I am thinking bright pink lipstick with blue eyeliner or mascara.


----------



## Beauty Mark (Aug 28, 2007)

Watch some old Whitney Houston videos. Her makeup in "I Wanna Dance With Somebody" is pretty clear to see.


----------



## ginger9 (Aug 28, 2007)

I was too young to wear make up in the 80s but wear frosted lipsick for sure and brows were generally thicker and darker back then. You could say bushy compared to how people have them now. Also if you want to try something different than blue e/l - colour was very in but wear it in blocks and by that I mean not blended.

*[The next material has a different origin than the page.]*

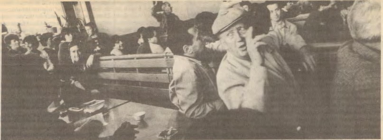
I desember ble det arrangert eit møte om EØS for RV- og AKP-medlemmar. Møte la vekt på viktigheten av å påvise og reise kamp mot konkrete EØS-førebuande tiltak som rammar arbeidsfolk og fagrørsla. Og arbeidet med å få fram ein alternativ politikk for fagrørsla utafør EØS og EF.

2. Frå no av må det leggjast stor vekt på vinne tilslutning til «Nei Til EF» sitt faglege opprop frå medlemmar, tillitsvalde og flest mogleg organisasjonsledd. Oppropet bør gjerne drivast fram til ca. 15. april og presenterast i avisannonser og nyttast i 1. mai-mobiliseringa. T.d. kan kvar organisasjon som sluttar seg til, sende 10

Hth have fun!


----------



## AKsnoangel (Aug 28, 2007)

I definitely remember a compact that Cover Girl made with cool toned eyeshadows (Sonora Sunset, I think) from the 80's.  Christie Brinkley appeared in the print campaign.  The colors I rocked were a bright pink, purple, and blue...blended all together on the eye.  Using that as my inspiration, I think Fade, Swish, and Parfait Amour would be pretty close matches.  I would use a frosty blush like Petal Point and finish with a frosty pink lip like Bombshell.  Oh yeah...I also would load up with turquoise mascara...haha.  HTH.  

You'll have to post pics!


----------



## ohsosparkly (Aug 29, 2007)

thanks for the suggestions! off to rummage through the makeup........will post pics for sure!


----------



## ohsosparkly (Aug 29, 2007)

Quote:

   Originally Posted by *Beauty Mark* 

 
_Watch some old Whitney Houston videos. Her makeup in "I Wanna Dance With Somebody" is pretty clear to see._

 
ok, I clipped her eye makeup---
	

	
	
		
		

		
		
	


	




and it looks like mostly teal on the lid with a little yellow at the inner eye and a coral-pink mix from the crease to the brow.....whew!

Would coppering and steamy work?


----------